HUMILITY comes before EXALTATION every time: And Samuel answered Saul and said, "I am the seer. Go up before me to the high place, for you shall eat with me today; and tomorrow I will let you go and will tell you all that is in your heart…and on whom is all the desire of Israel? Is it not on you and on all your father's house?" And Saul answered and said, "Am I not a Benjamite, of the smallest of the tribes of Israel, and my family the least of all the families of the tribe of Benjamin? Why then do you speak like this to me?" Now Samuel took Saul and his servant and brought them into the hall, and had them sit in the place of honor among those who were invited." (1 Sam 9:19-22)
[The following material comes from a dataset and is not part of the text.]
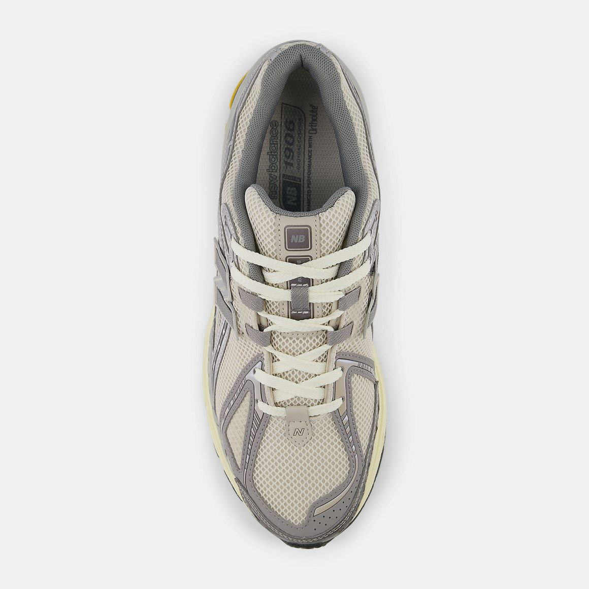 Pour la collection printemps/été 2024, New Balance sort quatre coloris de la 1906 R. La New Balance 1906 R Moonrock Moonbeam présente une empeigne en mesh crème, renforcée par des empiècements en cuir gris et argent. Ils sont visibles sur le garde-boue avant et les panneaux latéraux. Le talon est protégé par une cage en TPU gris clair, assortie au logo N latéral. La paire repose sur une semelle intermédiaire crème, dont l’arrière gris laisse apparaître l’amorti Nergy en jaune.

When the people of Israel saw that Samuel was getting old and his sons were not walking in his godly ways, they demanded for a king just like other nations surrounding them (1 Sam. 8:1-5). Let us remember that when God’s leaders are unable to locate and mentor suitable successors after them, it is possible that people will look for alternate leadership. Even though Samuel was a prophet of God, sadly he failed to raise up his sons to follow his godly ways! It was then God made the selection of the first king of Israel: Saul, who was well suited for this position by his physical appearance (1 Sam. 9:1-2). Saul’s obedience to his father, his concern for his father (9:5), and his willingness to persevere in a hard task seemed to indicate character and future success for him and Israel.
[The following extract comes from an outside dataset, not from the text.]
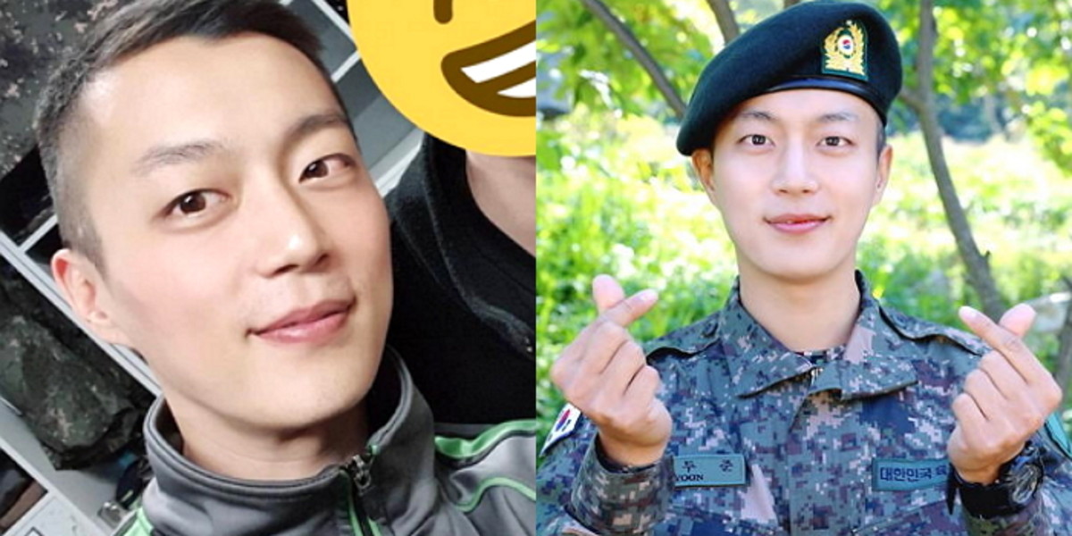 공개된 사진 속 윤두준은 짧게 깎은 머리를 하고 생활복을 입은 뒤 군인다운 자태를 뽐내고 있다.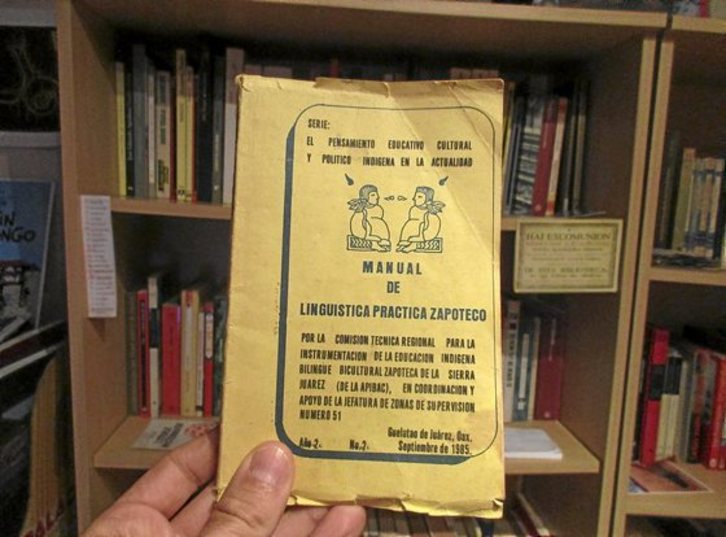 Tortillak mahaira ekarri dizkigu eta logelara sartu da azkar. Opari bat ekarri dit: 1985eko liburutxo horizta bat. Beste lau irakasle eta hizkuntzalarirekin batera, Rebecak egindako alfabeto zapotekoa da, idazketa bateratuaren oinarria izan zena.

Through a series of events that God orchestrated behind the scenes, Saul was directed to come into direct contact with Samuel. While the Lord was leading Saul, He was also leading Samuel, instructing him that His choice for king was on his way. Apparently without being told of Saul’s mission, Samuel told him that the donkeys had been found, and that he was not to be anxious. What were a few donkeys, anyway? It was Saul “on whom was all the desire of Israel?” (1 Sam. 9:20)
Saul took this statement with great humility and told Samuel that he was not worthy for this honor as he was from the smallest of the tribes of Israel and from the least of the families in that tribe. Benjamin was indeed the smallest tribe in Israel during the days of Saul and Samuel. In fact, Benjamin was the second smallest tribe at the first census following the Exodus (Num. 1:36, 37), but this tribe was reduced to just 600 fighting men during the punishment of Benjamin for the atrocity at Gibeah (see Judg. 19; 20). So, Saul’s humility in his reply to Samuel, and the fact that he hid among the equipment later when the lot fell on him to be the king (1 Sam. 10:22) indicates that his humility may have actually the reason for his exaltation to the throne of Israel. Had he remained humble during his kingly reign, things would have been different in his life and in Israel (v. 21; 1 Sam. 15:17).
Let us remember that humility comes before exaltation every time, and God’s Word is very clear in this matter (Deut. 8:2-3; 2 Chron. 7:14; Ps. 25:9; 1 Pet. 5:5). Many saints in the Bible have displayed humility time and again, including Abraham (Gen. 18:27), Joseph (Gen. 41:16), Moses (Exodus 3:11, Num. 12:3), Elizabeth (Luke 1:43), John the Baptist (Mark 1:7), Apostle Paul (2 Cor. 10:1), and the best example of all, our Lord Jesus Christ (Zech. 9:9; Mark 10:45; Phil, 2:5-8).
Even though we may have many things to boast regarding our inherent talents, wealth, power, fame, popularity, achievements, etc., let us make deliberate efforts to be humble before God and people every day of our lives. It is then that God will exalt us to greater heights of glory and use us greatly in His kingdom!